In a second example, the network decides to include a UE in the first, or second group above based on measurement reports that the UE makes. Based on measurements of path loss, or signal to interference ratio, the network (eNB) chooses to assign a UE to the first group, or the second group based on these measurement reports. This embodiment is applicable to UEs that are in the LTE RRC-Connected state.

In both of these embodiments, the network may remove UEs from the second group, signalling to them that they are released from the second group, if one of the following occurs: reports of path loss, measured on a cell transmission such as a pilot, made by the UE to the network show the path loss has fallen below a threshold; reports of signal to interference measurements rise above a threshold; the number of retransmission requests made by the UE in a time period falls below a threshold. Alternatively, these rules are applied in the UE and the UE requests release when they occur. Fig. 3 shows a signalling exchange relating to retransmission request reporting groups.

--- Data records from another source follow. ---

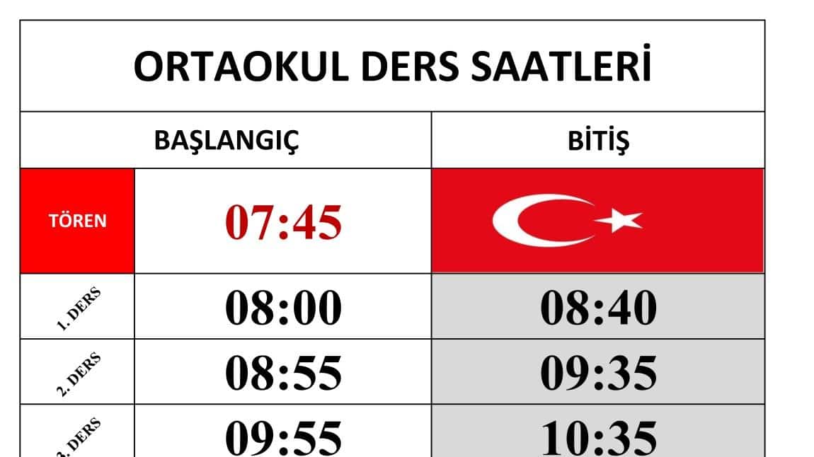 2025-2026 Eğitim-Öğretim yılında Ders Balama ve Bitiş saatlerimizdir.
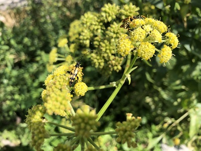 Blütenstand des Liebstöckels mit Geflecktem Schmalbock und Wespe
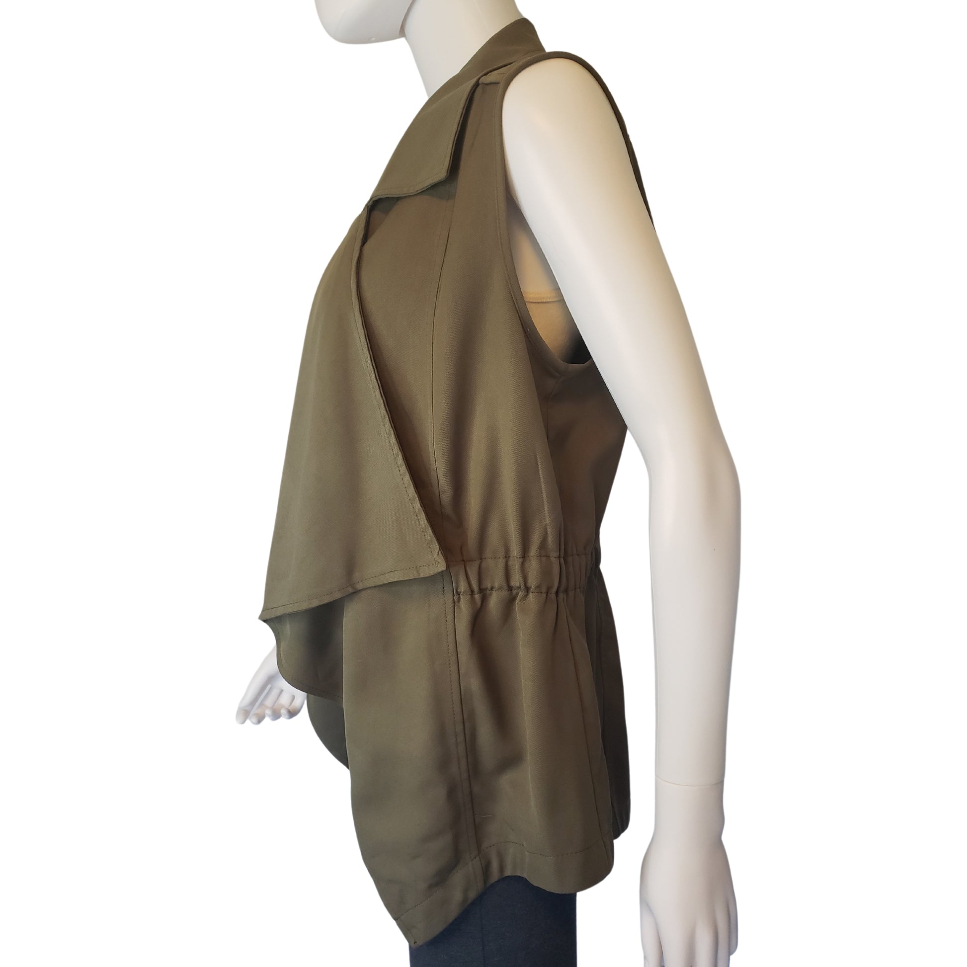 ENTRO Olive Green Sleeveless Cardigan, Small
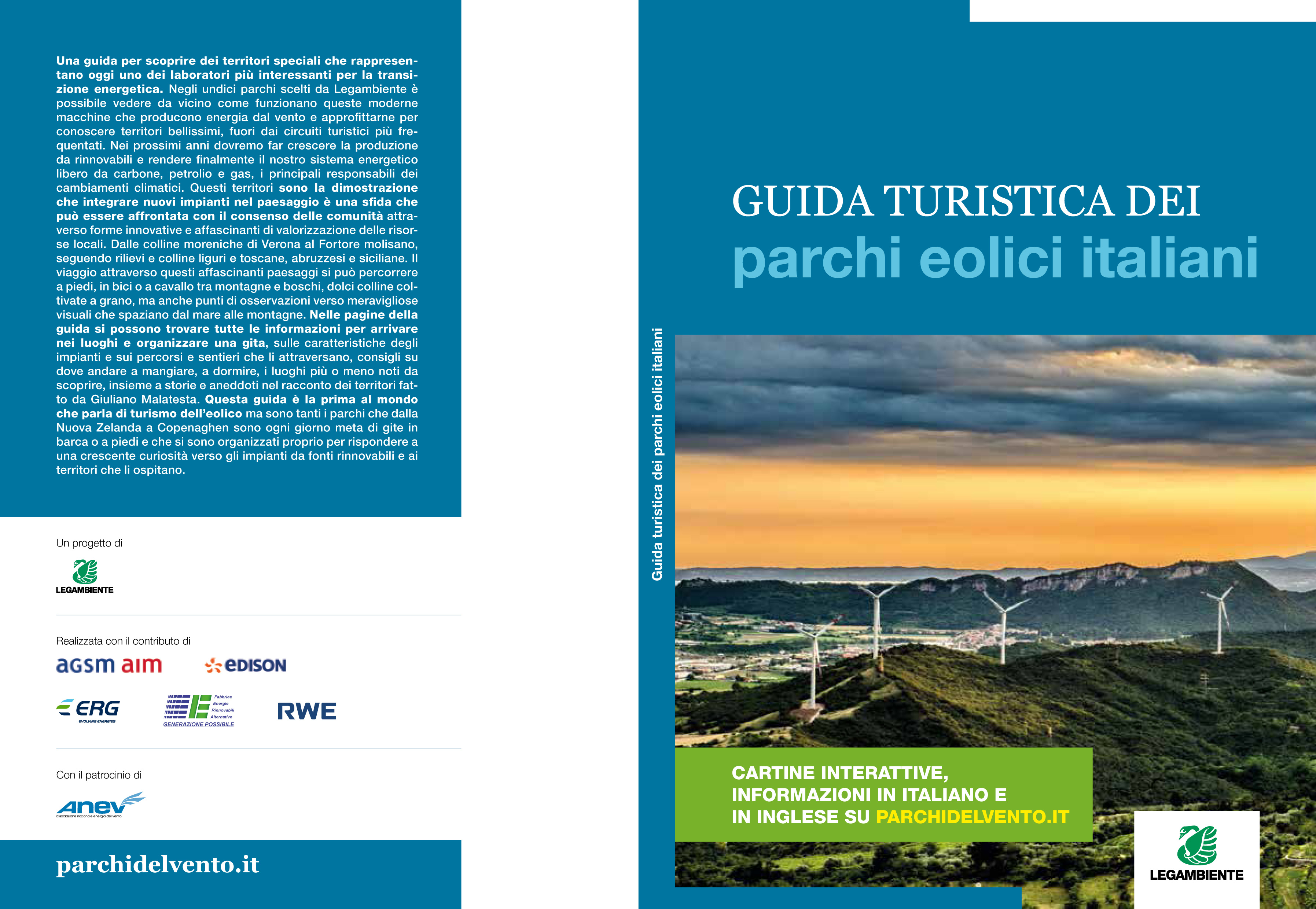 La guida si pone l’obiettivo di fare scoprire dal punto di vista turisticogli impianti eolici in Italia fornendo notizie e informazioni su particolarità naturalistiche, storiche, culturali e gastronomiche in un vero e proprio viaggio nei territori del vento lungo tutta la nostra penisola
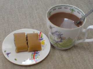 毛利の殿様巻きという萩のお菓子。ちなみに、このトトロのマグカップは私専用です。wwww上の方の画像の常滑焼もお誕生日にもらったので、私専用ですが。
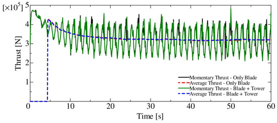 - It was found that the thrust of the wind turbine affects the bending moment generated at the hull by an increase of 5∼10%. Furthermore, for longer periods, the effect of the thrust has an about 20% increase concerning the bending moment.
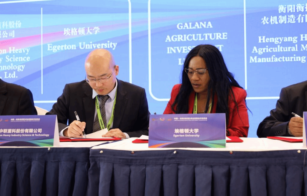 开幕式当天,中联重科副总裁孙昌军受邀参加“中国—非洲(肯尼亚)农业发展合作洽谈会”,分享了中联重科农业机械的丰硕发展成果,以及中联重科农业机械在非洲发展情况和未来的战略规划。论坛现场还举行了项目签约仪式,其中中联重科与埃格顿大学签订了农业机械化课程的合作协议,为非洲农业机械化提供新助力。
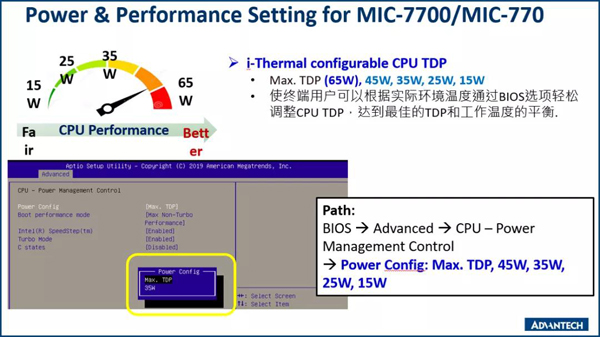 研華 MIC-770 / 7700系列的 iThermal設(shè)計(jì),透過BIOS快速調(diào)整CPU功耗,從而使性能(功耗)、溫度、成本達(dá)到平衡,輕松應(yīng)對(duì)各種嚴(yán)苛的工業(yè)環(huán)境,有更好的用戶體驗(yàn)。研華的MIC-770 / 7700系列產(chǎn)品將持續(xù)滿足工廠和機(jī)械自動(dòng)化領(lǐng)域的應(yīng)用,滿足用戶對(duì)擴(kuò)展能力和成本效益的需求。

A network device NB sends MBMS retransmission join criteria 12 which set out rules regarding whether a UE should apply to join the retransmission reporting group for a service, the UE requests to join by sending an MBMS retransmission join request 13 and is assigned parameters by the network device which enables the UE when it receives the join grant 14 to transmit.

Claims

1. A method of packet retransmission in a communications system, the system comprising a plurality of user devices and at least one network device, the method comprising broadcasting a multimedia broadcast multicast service transmission to the plurality of user devices; sending a request for retransmission to the network device from one or more of the user devices which failed to receive the complete transmission correctly; and retransmitting requested packets of the original transmission on a different transmission channel to the original broadcast channel.

2. A method according to claim 1, wherein the broadcast channel is an MBMS point to multipoint bearer.

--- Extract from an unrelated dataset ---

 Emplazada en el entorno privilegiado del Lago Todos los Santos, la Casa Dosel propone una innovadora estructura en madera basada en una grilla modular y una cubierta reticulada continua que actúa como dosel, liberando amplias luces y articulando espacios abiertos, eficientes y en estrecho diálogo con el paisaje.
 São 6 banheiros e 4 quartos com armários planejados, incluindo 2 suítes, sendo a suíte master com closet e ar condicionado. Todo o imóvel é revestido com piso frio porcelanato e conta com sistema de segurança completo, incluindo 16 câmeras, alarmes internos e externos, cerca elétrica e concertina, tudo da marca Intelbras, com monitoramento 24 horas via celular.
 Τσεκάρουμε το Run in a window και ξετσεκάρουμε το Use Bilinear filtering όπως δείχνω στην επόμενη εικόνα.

3. A method according to claim 1 or claim 2, wherein the different transmission channel is a different logical, transport or physical channel to the broadcast channel.

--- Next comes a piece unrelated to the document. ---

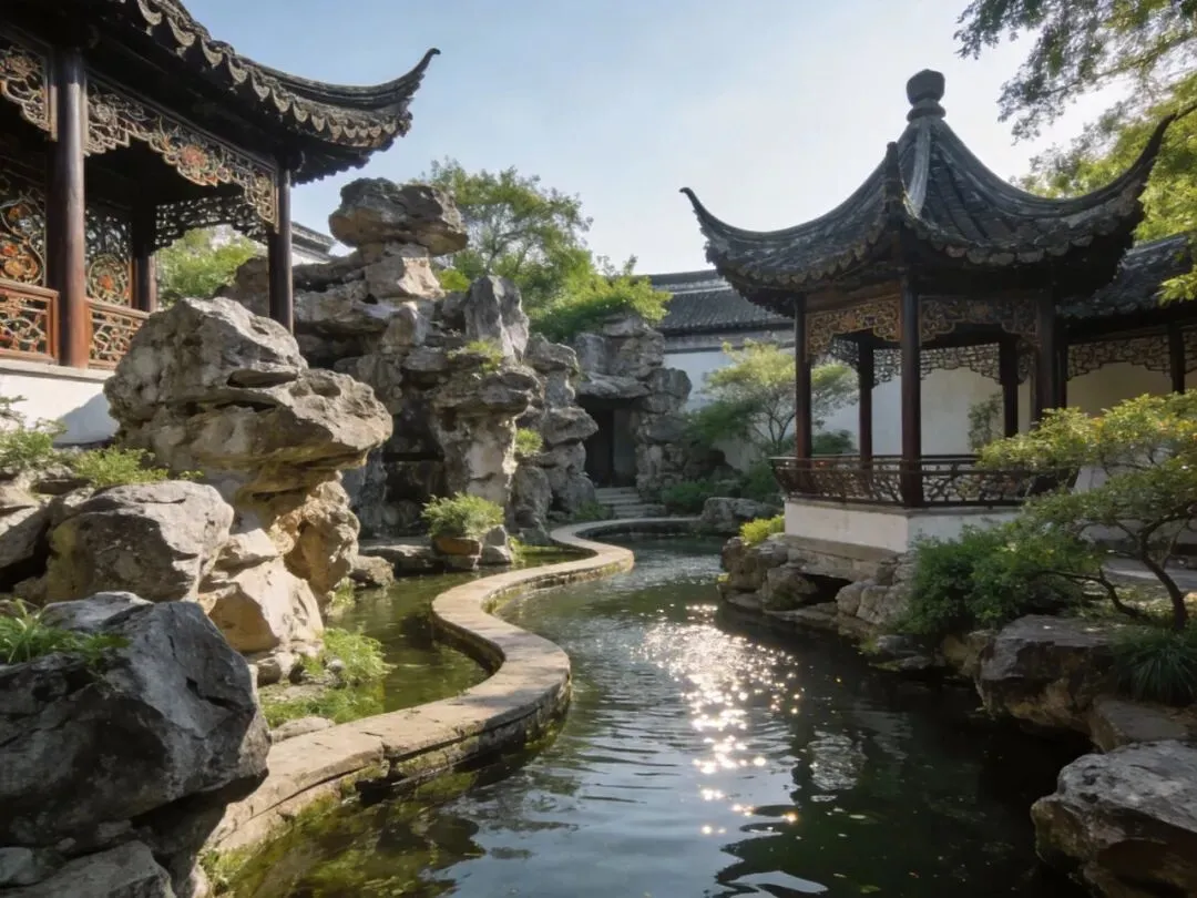苏州园林全景,展示假山、亭台、水景的和谐搭配

4. A method according to any preceding claim, wherein only certain predetermined categories of user device are permitted to request retransmission.

5. A method according to claim 4, wherein the network device allocates user devices to the category of user device permitted to request retransmission, using signal strength and interference data reported by each user device.

6. A method according to claim 5, wherein the network device sets a threshold for data reported by each user device, above which retransmission requests are not enabled.

7. A method according to claim 6, wherein a proportion of the user devices below the threshold set by the network device make retransmission requests on periodically assigned dedicated resources.

8. A method according to any preceding claim, wherein user devices make retransmission requests on contention access resources.

9. A method according to any preceding claim, wherein the retransmissions are broadcast to a group comprising those user devices which have made a request for retransmission.

10. A method according to any of claims 1 to 8, wherein the retransmissions are made to individual user devices using hybrid automatic repeat request.